***** EXTRACTED ENTRIES

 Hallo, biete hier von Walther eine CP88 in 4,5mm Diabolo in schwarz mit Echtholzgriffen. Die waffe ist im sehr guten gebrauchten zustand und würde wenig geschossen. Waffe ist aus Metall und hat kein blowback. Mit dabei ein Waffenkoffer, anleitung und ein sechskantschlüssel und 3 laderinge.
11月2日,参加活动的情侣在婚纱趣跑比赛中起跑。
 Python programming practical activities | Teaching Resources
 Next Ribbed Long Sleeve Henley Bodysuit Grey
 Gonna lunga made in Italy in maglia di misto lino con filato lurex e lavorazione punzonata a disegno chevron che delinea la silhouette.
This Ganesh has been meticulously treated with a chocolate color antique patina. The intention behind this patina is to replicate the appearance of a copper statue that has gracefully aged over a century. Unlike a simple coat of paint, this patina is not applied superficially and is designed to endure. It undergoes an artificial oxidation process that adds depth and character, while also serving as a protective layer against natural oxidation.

**********
***** EXTRACTED ENTRIES

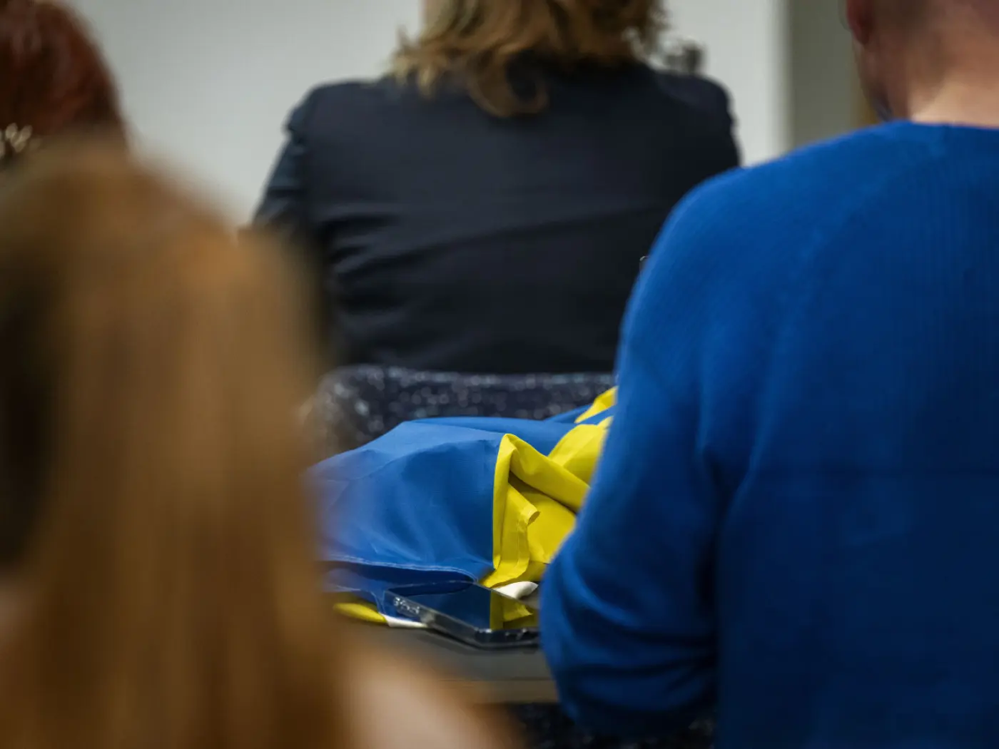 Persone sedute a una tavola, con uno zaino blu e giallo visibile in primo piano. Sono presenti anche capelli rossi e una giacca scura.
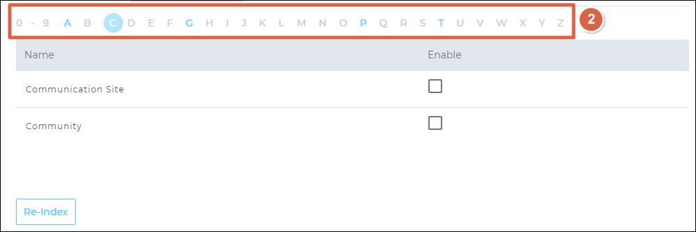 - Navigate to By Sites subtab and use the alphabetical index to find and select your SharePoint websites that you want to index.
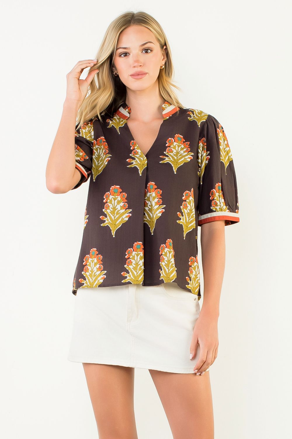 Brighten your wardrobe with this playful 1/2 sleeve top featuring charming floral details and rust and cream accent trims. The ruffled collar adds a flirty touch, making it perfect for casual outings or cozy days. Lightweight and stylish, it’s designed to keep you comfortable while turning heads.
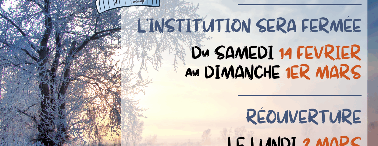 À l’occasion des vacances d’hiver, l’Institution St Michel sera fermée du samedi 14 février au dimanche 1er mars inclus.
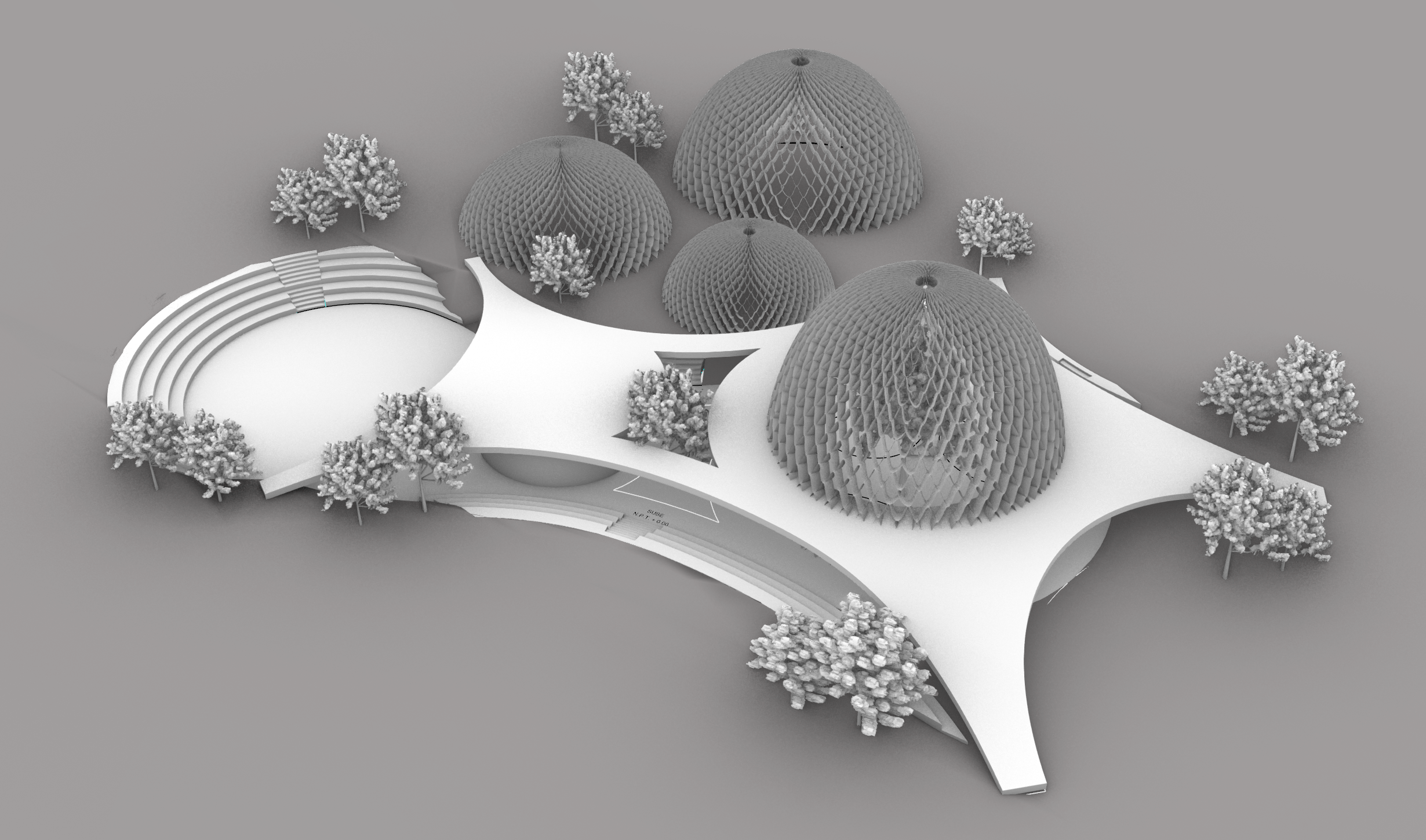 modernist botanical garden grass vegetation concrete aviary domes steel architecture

**********

Could you output exactly the lines above, from the line with "Persone sedute a" up to and including the line with "- Navigate to", and nothing else, skipping the pictures?

RESPONSE →
 Persone sedute a una tavola, con uno zaino blu e giallo visibile in primo piano. Sono presenti anche capelli rossi e una giacca scura.
 - Navigate to By Sites subtab and use the alphabetical index to find and select your SharePoint websites that you want to index.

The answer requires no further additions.